**Task directions**
Give a faithful, exact copy of all entries, minus the images.

**Recorded data**
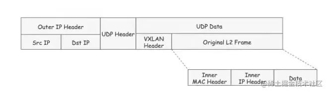 VXLAN的封包是将二层以太网帧封装到四层UDP报文中的过程。
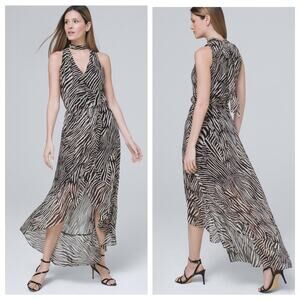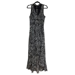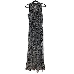 WHBM Abstract Zebra Black and Ecru High Low Maxi Dress - Size 8
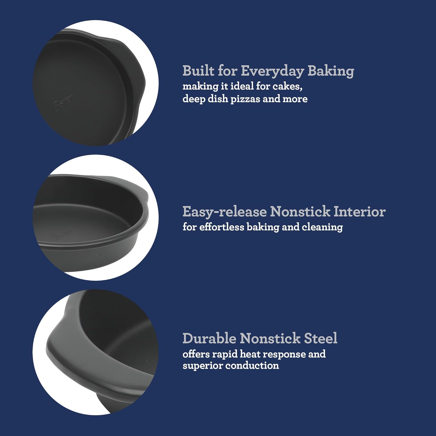 - A BOX CONTAINS: One 9-inch round cake pan from the Oster Platinum Collection
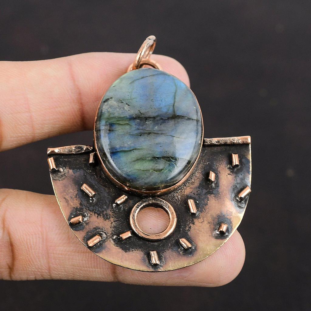 Pingente de cobre labradorita Um pingente de pedra preciosa de qualidade única Pingentes artesanais Jóias de cobre Pingente de declaração Presente de casamento Pingente novo em folha
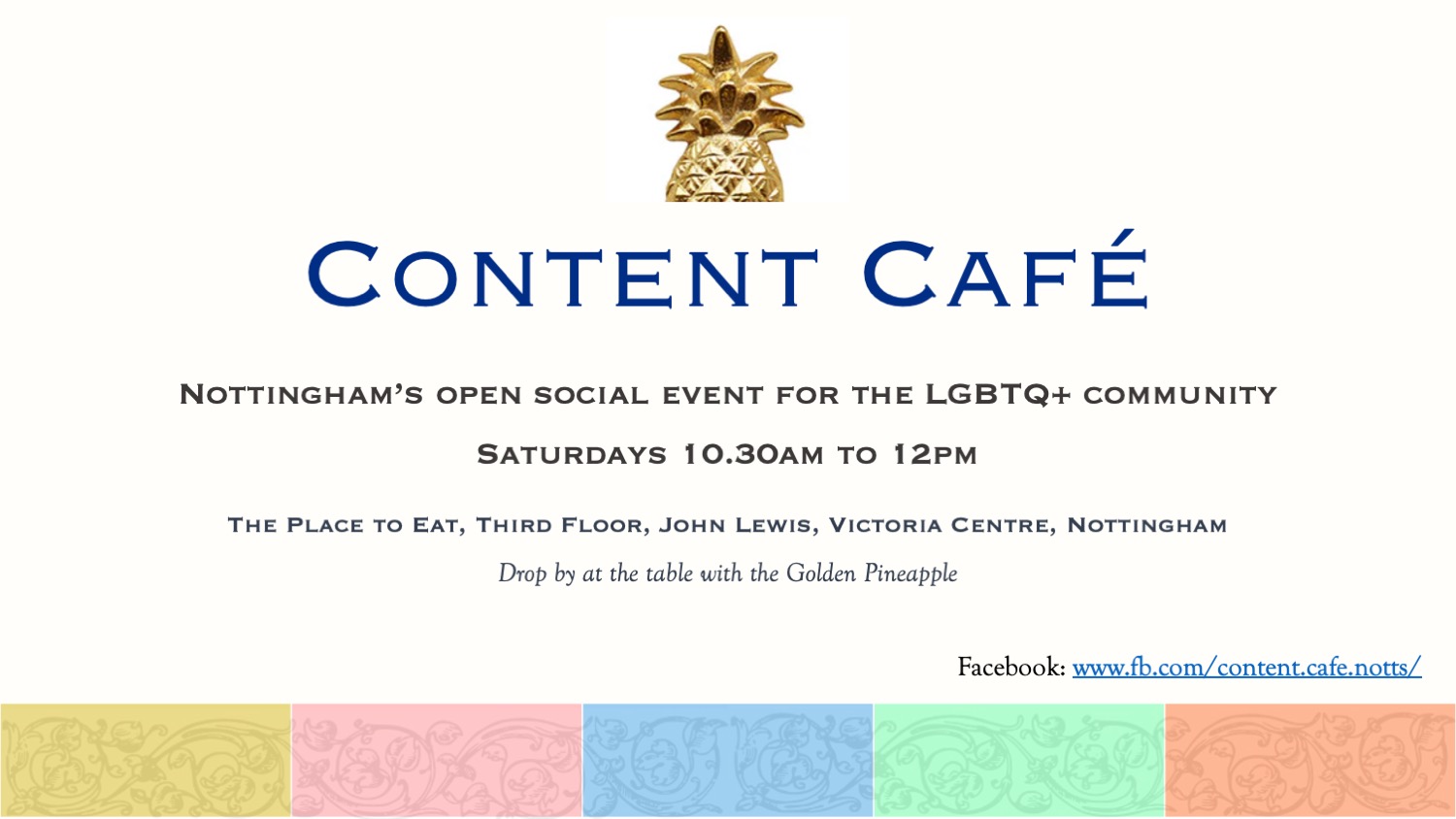 Content Café aims to be a welcoming and safe social space in Nottingham for people who are LGBTQ+. It’s the only open event of its kind in Nottingham: a central place to meet new friends and chat. Running weekly since February 2024, you can drop in any time between 10:30am and 12pm. From 30th Aug 2025, the venue will be John Lewis & Partners, (Place to Eat, 3rd Floor) Victoria Centre, Nottingham, which offers a wide range of refreshments
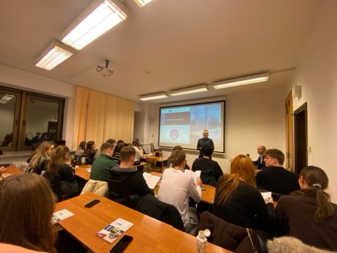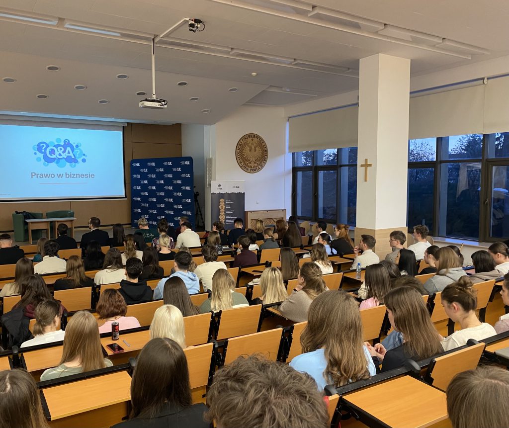 Podczas odbywającego się 20 listopada 2025 r.. spotkania studenci mieli szasnę porozmawiać o możliwych ścieżkach rozwoju po kierunku prawo w biznesie.

**Output**
 VXLAN的封包是将二层以太网帧封装到四层UDP报文中的过程。
 WHBM Abstract Zebra Black and Ecru High Low Maxi Dress - Size 8
 - A BOX CONTAINS: One 9-inch round cake pan from the Oster Platinum Collection
 Pingente de cobre labradorita Um pingente de pedra preciosa de qualidade única Pingentes artesanais Jóias de cobre Pingente de declaração Presente de casamento Pingente novo em folha
 Content Café aims to be a welcoming and safe social space in Nottingham for people who are LGBTQ+. It’s the only open event of its kind in Nottingham: a central place to meet new friends and chat. Running weekly since February 2024, you can drop in any time between 10:30am and 12pm. From 30th Aug 2025, the venue will be John Lewis & Partners, (Place to Eat, 3rd Floor) Victoria Centre, Nottingham, which offers a wide range of refreshments
 Podczas odbywającego się 20 listopada 2025 r.. spotkania studenci mieli szasnę porozmawiać o możliwych ścieżkach rozwoju po kierunku prawo w biznesie.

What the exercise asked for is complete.